Business technology trends in 2012
- 25 July, 2012 10:15
While economic uncertainties in the world continue, the momentum behind business growth and innovation remains strong. Global IT, business process and outsourcing company, CSC, recently published its top technology trends for enterprise IT in 2012 and predicts that technology innovations will continue to drive the agenda of enterprise IT.
Here are some key findings:
Cloud bandwagon rolls on
Cloud offerings are continuing to mature. The five key elements of Cloud — scalability, on-demand, pay-peruse, shared infrastructure, and Web access — are now becoming norms of IT service. Both IT and the business desire the increased agility and reduced costs promised by the Cloud. According to Gartner, the Cloud represents the industrialisation of IT capabilities and a new disruptive business model.
There are still some issues with the Cloud, however. Issues around transparency and governance, data sovereignty and trust are gradually being addressed by voluntary industry codes of conduct. Enterprises are currently leaning towards private Clouds that are provided by reputable suppliers.
The digital age has stretched legacy systems to their limits. These legacy systems are holding businesses back from fully utilising innovations, such as the Cloud, mobility, and consumer technology. More and more businesses are starting to consider legacy replacement/transformation strategies. The benefits of modern legacy systems are beginning to exceed the costs and risks of replacing legacy assets.
Greater data visibility
Due to the demands of the digital economy, more and more business data is becoming available online. In the era of the internet, business processes need to be agile. Customers, partners and suppliers at the other end of these processes also demand companies’ data have greater visibility. Enterprises can no longer lock their data in internal silos.
Instead, enterprises need to consider whether confidential data and information can and should be made available online.
Consumerisation of IT
As more people are using smartphones, tablets, context-aware devices and applications, interacting with PC desktops/ laptops is increasingly becoming considered old fashioned and limiting. Companies will increasingly need to reach people using these mobile devices. Build-in location awareness, augmented reality and sensors are redefining how we interact with technology.
Enterprises can differentiate themselves by leveraging these new consumer technologies and designing enterprise applications and lightweight ‘app’ libraries that improve productivity and customer experience. This can also enable developers of applications to acquire new skills.
Many businesses are gradually beginning to understand the value of gaining useful insights from vast amounts of unstructured data.
With 1.2 billion consumers participating in social media via blogs, Facebook and Twitter, there is a lot of information about customers and businesses on the internet, including data from YouTube, videos and podcasts. This large amount of unstructured data presents a challenge and an opportunity. The large amount of data from a variety of sources, company data, social media, video and audio is a challenge to manage and analyse.
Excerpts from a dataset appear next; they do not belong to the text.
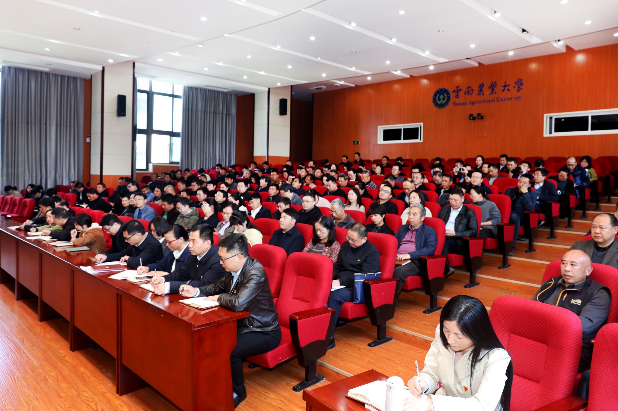 会议紧扣农业高校办学使命、结合云南农大发展实际开展了深入研讨交流。校党委副书记黄鹤平,校党委委员、纪委书记陈文,校党委委员、副校长田洋分别结合分管领域工作实际作重点发言,随机点名职能部门党委、机电工程学院党委、动物医学院党委3个二级党委作交流发言。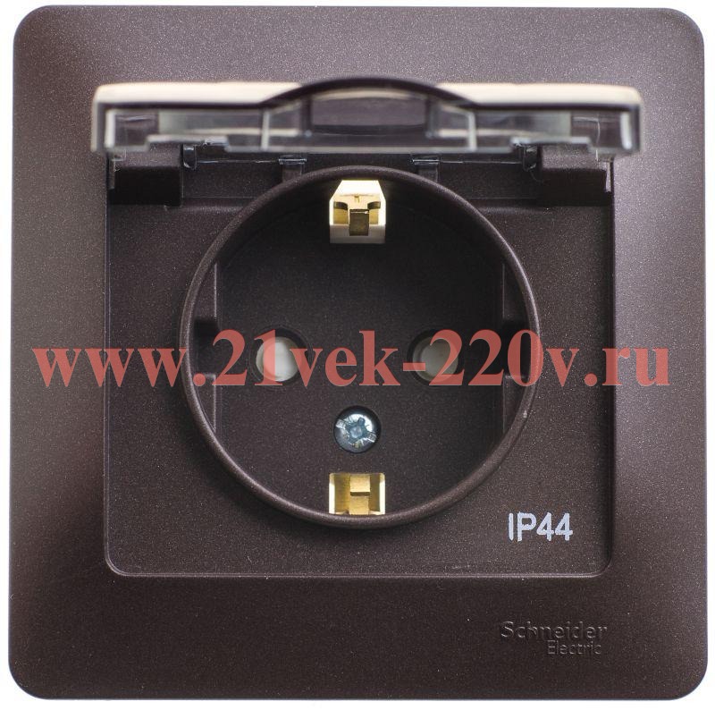 Розетка с контактом заземления шоколад, со шторками, с крышкой 16A IP44 Schneider Electric Glossa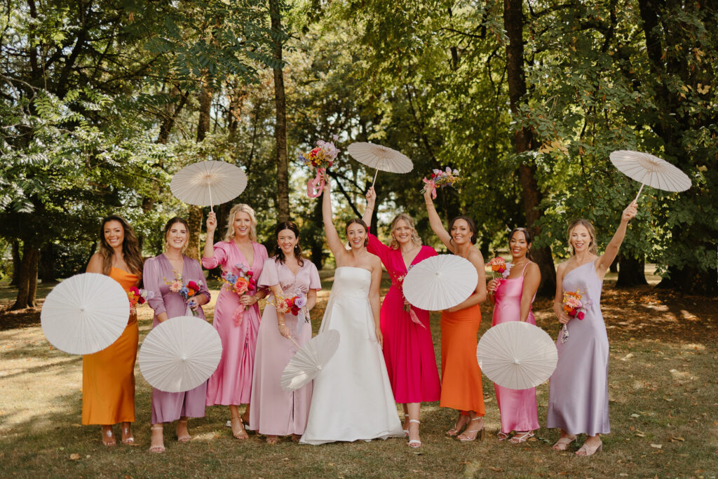 Les ombrelles en papier font partie des idées originales pour accessoiriser votre mariage. Elles allient pratique et esthétique. Pour un mariage à Bordeaux en été, elles permettent aux invités de profiter des espaces extérieurs, sans subir la chaleur ni l’exposition directe au soleil. Au-delà de leur utilité, les ombrelles sont surtout incroyablement belles en photo. Elles apportent une touche originale et graphique. Elles créent des jeux d’ombre et de lumière et transforment un moment ordinaire en scène visuelle joyeuse et vivante !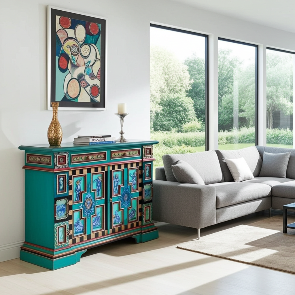 - Descrizione: Sorprendente credenza di gusto seicentesco e sfondo verde intenso. Il mobile è scandito da riquadri geometrici sulle due ante frontali. Due cassetti sovrastano le porte sotto il piano. La decorazione decisa e importante sottolinea le scelte geometriche con una cornice in oro e nero per sottolineare ed evidenziare le cornici del mobile stesso.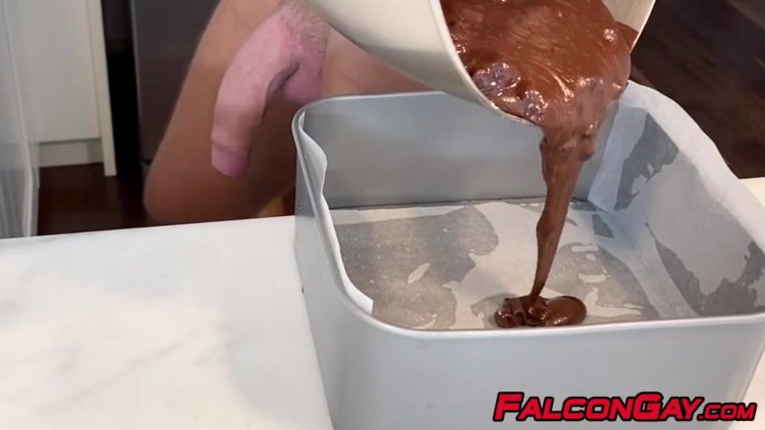 Solo athletic stud Josh Moore masturbates in the kitchen before making his favorite cake.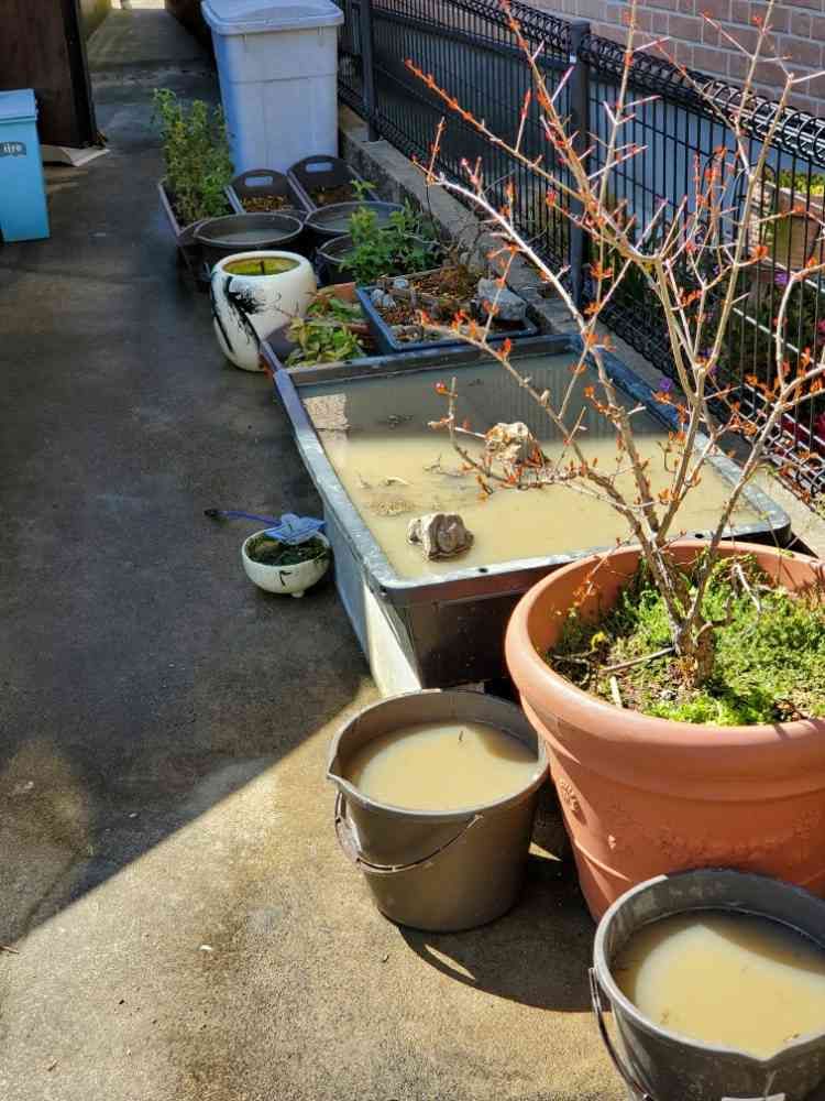 100均でバケツを五個買ってきて、小さめの蓮根を植え付け、トロ舟には大きな苗を4本。

But those businesses which can extract meaningful intelligence from this data about customer needs, behaviours and trends have the potential to reap large rewards.
Work anywhere, anytime
With mobility, users are able to work from anywhere, anytime. Many new offices are designed with no designated desks, allowing users to work from any desk, conference room, or shared space. Travelling staff wish to access company systems using not only laptops and desktops, but also smartphones, tablets and other devices from a variety of locations. Universal access raises concerns about perimeter security. Data theft from mobile devices is also a concern. Enterprises will need strategies to make security robust, while the enterprise perimeter continues to expand.
Rising energy costs and the new carbon tax will force enterprises to think seriously about the costs of computing. As Australia produces most of its electricity from coal, electricity costs are expected to rise rapidly. Within the IT industry, the use of electricity is expected to grow four-fold by 2020, according to CSC.
As a result, energy sustainability will need to have a place on the IT agenda. Tools will be needed for better visibility and reporting of energy use by business units across IT. Efficient energy and water use and ethical waste removal will become important. CIOs should begin developing strategies for reducing energy use and improving sustainability.
With thousands of baby boomers retiring every year, business knowledge is walking out the door every day. In many cases, there may not be a sufficient number of new staff to learn from the retiring generation. Businesses need to make targeted investments in rapid knowledge capture, storage and transfer.
CSC believes new human computer interfaces like Kinect and augmented reality may allow some retirees to continue to work on the job remotely. Leveraging principles from the gaming industry can improve education and knowledge retention.
Globalisation of talent
Enterprises will search for resources globally in order to find talent at a competitive price. There will be an increased emphasis on the offshoring of knowledge work and business processes in 2012. Crowd sourcing and social media may also begin to play a role for skills, content creation, reviews and feedback. Enterprises should consider investing in tools that facilitate collaboration and virtual workplace technologies and improve teamwork in distributed teams across countries and time zones.